Wird sich die Integration des App-Chips auf einer Plattform mit Mobilfunkchips langfristig als Standard durchsetzen?
Das ist bisher nicht absehbar. Denn bisher ist das kein Trend, sondern lediglich eine Alternative in der Architektur. Beide Ansätze, getrennt oder integriert, haben eindeutige Vor- und Nachteile, abhängig vom jeweiligen Gerät und Hersteller. Einige Anbieter haben ihre Strategie allerdings bereits auf die Integration der beiden Chips auf einer Plattform ausgerichtet, andere werden App- und Mobilfunkchips auch künftig getrennt verbauen.
Wem trauen Sie zu, mit einer Apple ähnlichen Strategie, also mit einem separaten App-Chip, im Markt erfolgreich zu sein?
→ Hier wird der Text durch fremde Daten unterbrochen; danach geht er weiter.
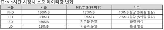 SK텔레콤은 저화질 SD와 LD급 영상의 경우 기존 데이터 전송률을 유지하며 화질을 대폭 개선하는 방향으로 HEVC를 적용했다.

Wer damit Erfolg haben wird, werde ich nicht kommentieren. Hewlett Packard (HP) und Nokia haben mit ihrer Tablet PC/Handy/Service Strategie aber einen ähnlichen Ansatz wie Apple gewählt .
Welche Chip-Architektur wird auch mittelfristig bei Smartphones dominieren?
Wie bisher, Chips, die mit der Architektur der britischen Firma ARM entworfen werden. Langfristig werden aber auch Intels Atom-Chips Zugang zum Markt finden.
Wie gut schlägt sich Intel bisher beim Versuch den Zugang zum Markt zu finden?
In der Kooperation mit Nokia hat Intel bisher alles richtig gemacht. Deshalb wäre es verfrüht bei Intel über einen neuen Misserfolg bei Smartphone-Chips zu sprechen. Wir werden sehen.
Was macht Intel als Konkurrent für ARM gefährlich?
Vor allem die starken Ressourcen, die Intel einsetzt um endlich Zugang zu bekommen.
Werden leistungsfähige App-Chips beim Stromverbrauch und anderen Kriterien für Smartphones das Kriterium für höhere Qualität sein?
Eindeutig ja.
Im Profil
Francis Sideco ist der leitende Analyst für drahtlose Kommunikation beim US-Marktforscher iSuppli. Weltweit bekannt ist iSuppli durch seine detaillierte Kostenanalysen der Komponenten neuer Apple-Produkte. Diese Analysen lassen sowohl Rückschlüsse auf Apples Lieferanten als auch auf die Gewinnmarge des für seine Verschwiegenheit bekannten Apple-Konzerns zu und sind deshalb sehr gefragt.